> [Your assignment]: Up to and including the line bearing "In a separate", output every line of the entries exactly as written, starting from the first; pictures stay out.

-- Record excerpts follows --

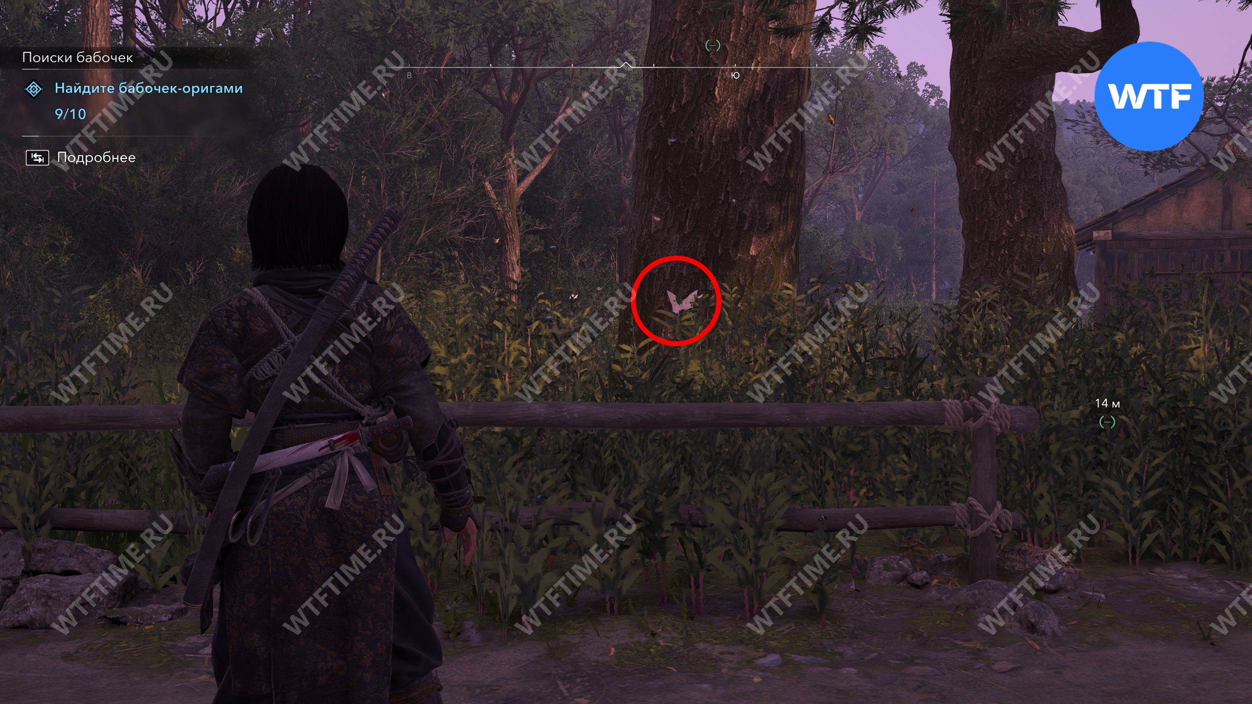Для выполнения первого этапа задания вы должны отыскать 10 бабочек-оригами. Все они сидят на деревьях и расположены относительно недалеко друг от друга. Белые бабочки содержат таинственные послания, которые разблокируют следующие квесты.
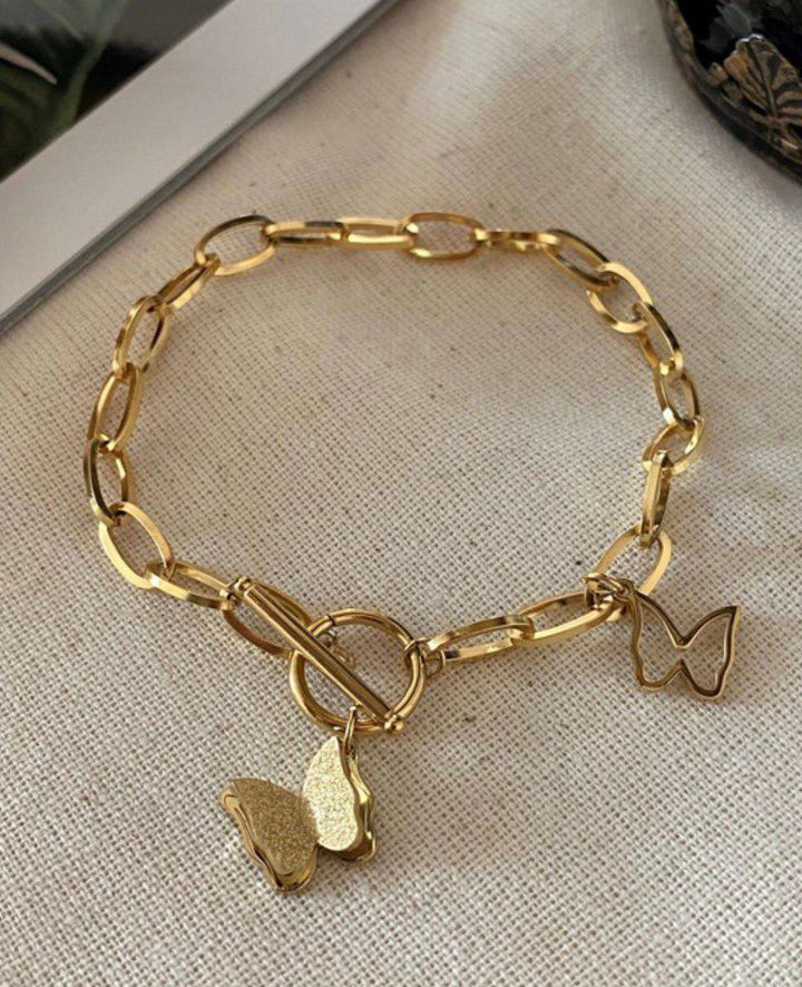 سوار أنيق مطلي بالذهب مع سلسلة متصلة وقلادات فراشة مميزة تضيف لمسة ناعمة وعصرية. مطلي بالذهب عيار 18 مكفول سنة لتغير اللون.
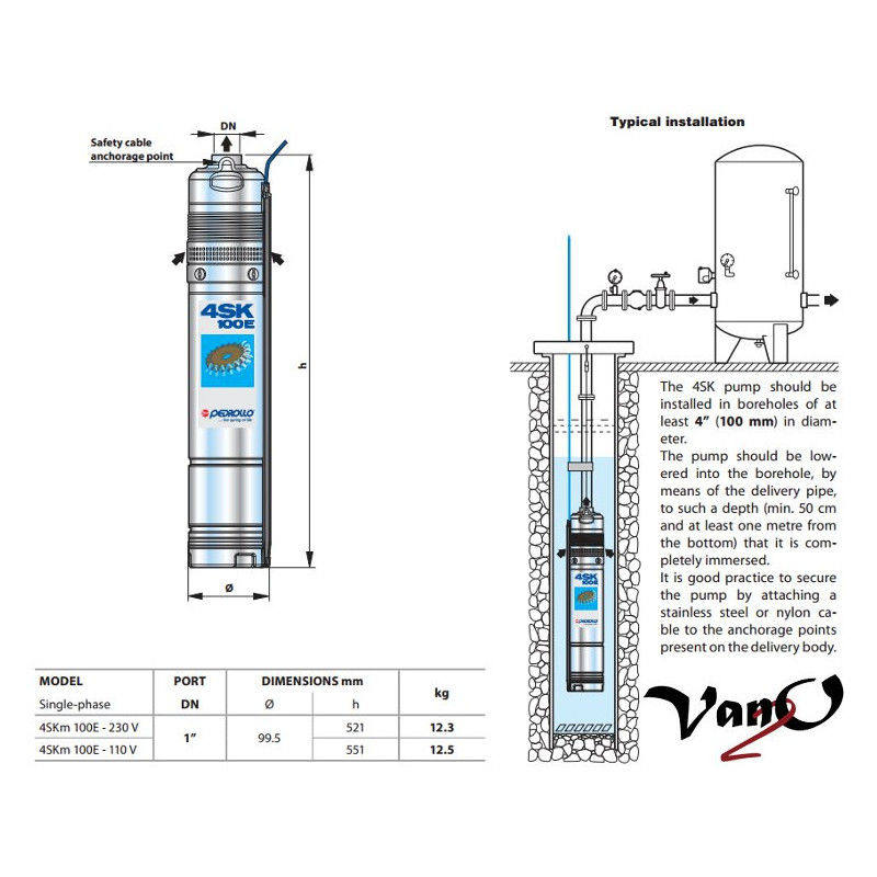 Vandens siurblys Pedrollo 4SKm100E DAVIS - gamintojo puslapis (anglų k.)
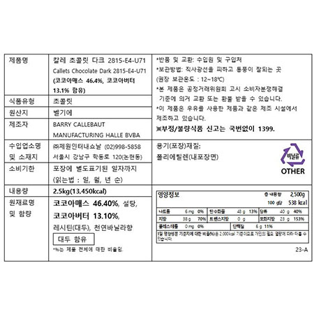 칼리바우트 다크초콜릿(버튼_57.7% 2.5Kg/EA) 커버춰 이미지
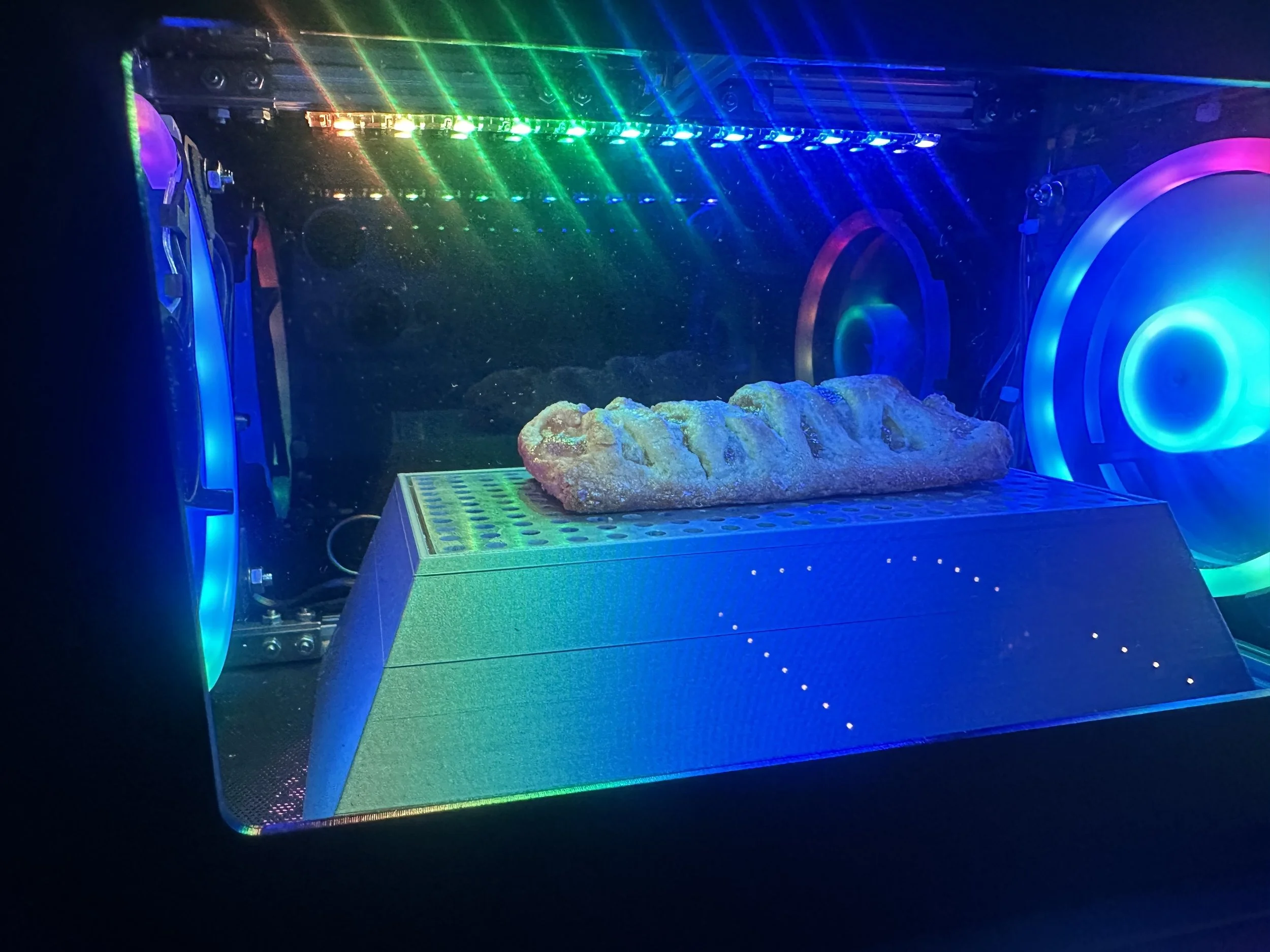 Created for an event during McDonald’s collaboration with Genshin Impact, the Gaming PC Pie Warmer harnesses the excess heat from your gaming PC and uses it to warm a McDonald’s apple pie.
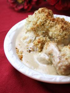 In a separate bowl, add the melted butter to the bread crumbs and mix well. Drop biscuit batter by teaspoonfuls onto the casserole and sprinkle with the buttered bread crumbs. Place the casserole in a preheated 350-degree oven and bake for 25 minutes or until the biscuits are cooked throughout and lightly browned.
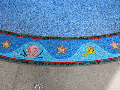 In addition to there being seashells in the sidewalk, there’s also some cool mosaic tiles
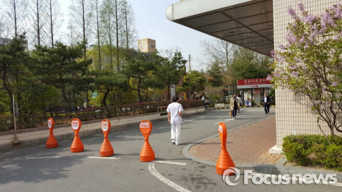 실제 오전까지 강동경희대병원은 응급실로 향하는 차량진입로는 차량용 안전 삼각대로 바리게이트를 쳐 막고, 보행로는 보안요원이 서 접근을 막았다.
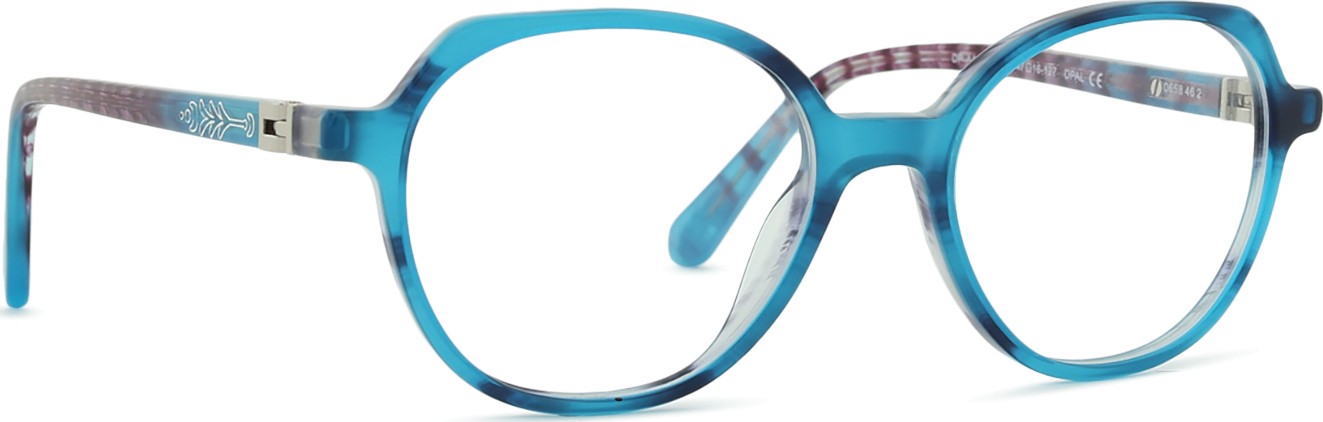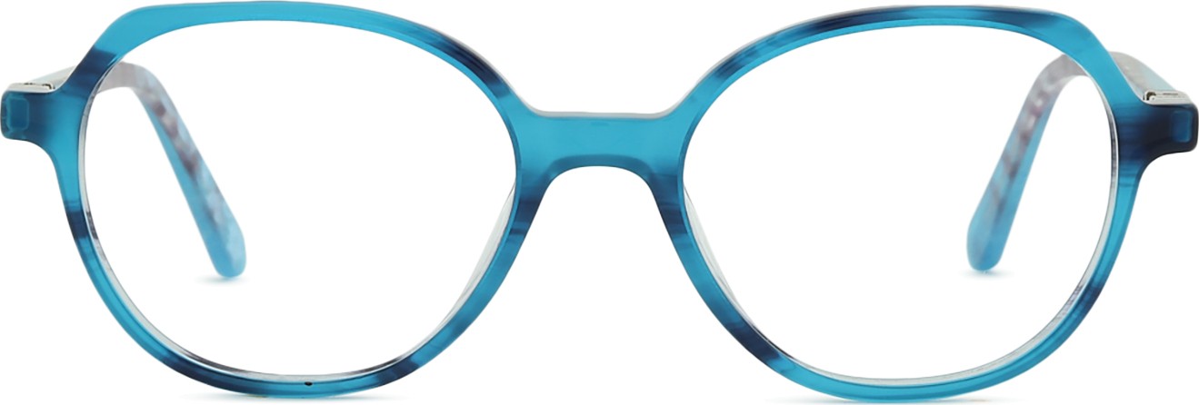 A cor azul da armação combina perfeitamente com um tom de pele claro e um cabelo castanho claro, preto ou loiro claro.
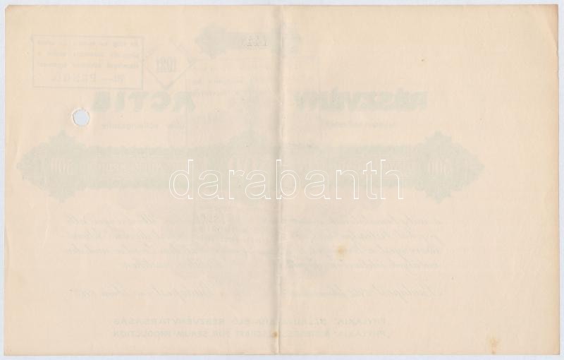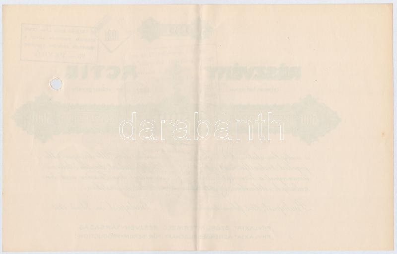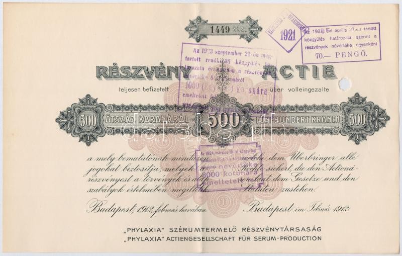 Description: Budapest 1912. "Phylaxia Szérumtermelő Részvénytársaság" részvénye 500K-ról, magyar és német nyelven, felülbélyegzésekkel, lyukasztással érvénytelenítve (2x) sorszámkövetők T:II,II-
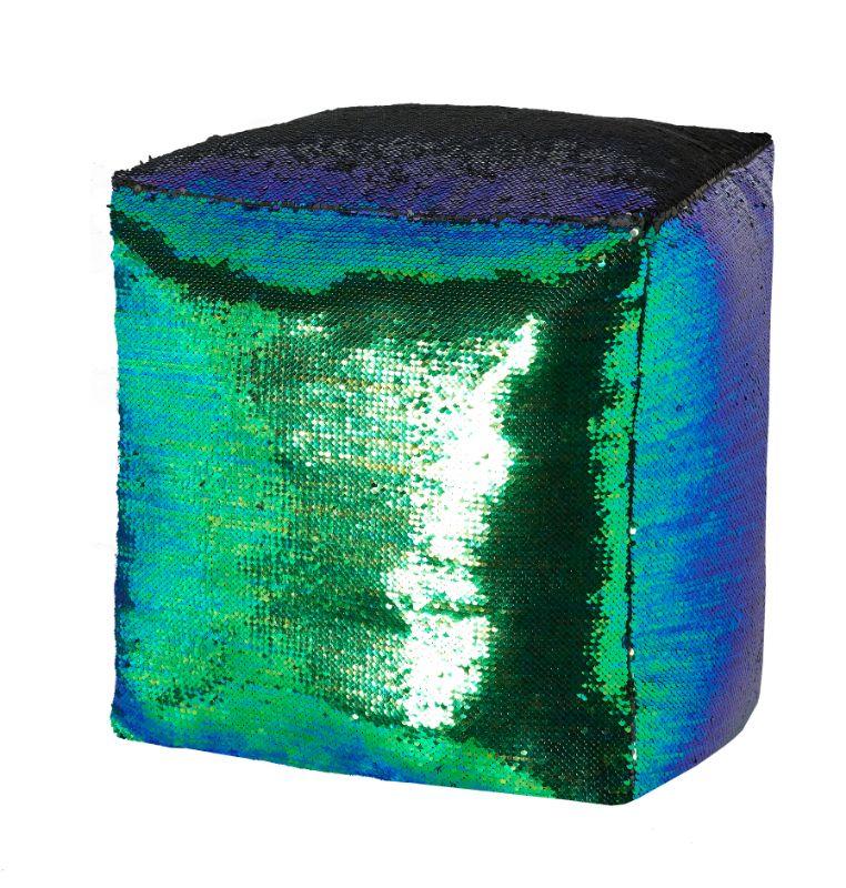 Mainstays Reversible Sequin Pouf, Mermaid Teal 17" x 17" x 17" Ottoman/Pouf - New

-- Record excerpts concluded --

> [Exercise solution]:
Для выполнения первого этапа задания вы должны отыскать 10 бабочек-оригами. Все они сидят на деревьях и расположены относительно недалеко друг от друга. Белые бабочки содержат таинственные послания, которые разблокируют следующие квесты.
 سوار أنيق مطلي بالذهب مع سلسلة متصلة وقلادات فراشة مميزة تضيف لمسة ناعمة وعصرية. مطلي بالذهب عيار 18 مكفول سنة لتغير اللون.
 Vandens siurblys Pedrollo 4SKm100E DAVIS - gamintojo puslapis (anglų k.)
 칼리바우트 다크초콜릿(버튼_57.7% 2.5Kg/EA) 커버춰 이미지
 Created for an event during McDonald’s collaboration with Genshin Impact, the Gaming PC Pie Warmer harnesses the excess heat from your gaming PC and uses it to warm a McDonald’s apple pie.
 In a separate bowl, add the melted butter to the bread crumbs and mix well. Drop biscuit batter by teaspoonfuls onto the casserole and sprinkle with the buttered bread crumbs. Place the casserole in a preheated 350-degree oven and bake for 25 minutes or until the biscuits are cooked throughout and lightly browned.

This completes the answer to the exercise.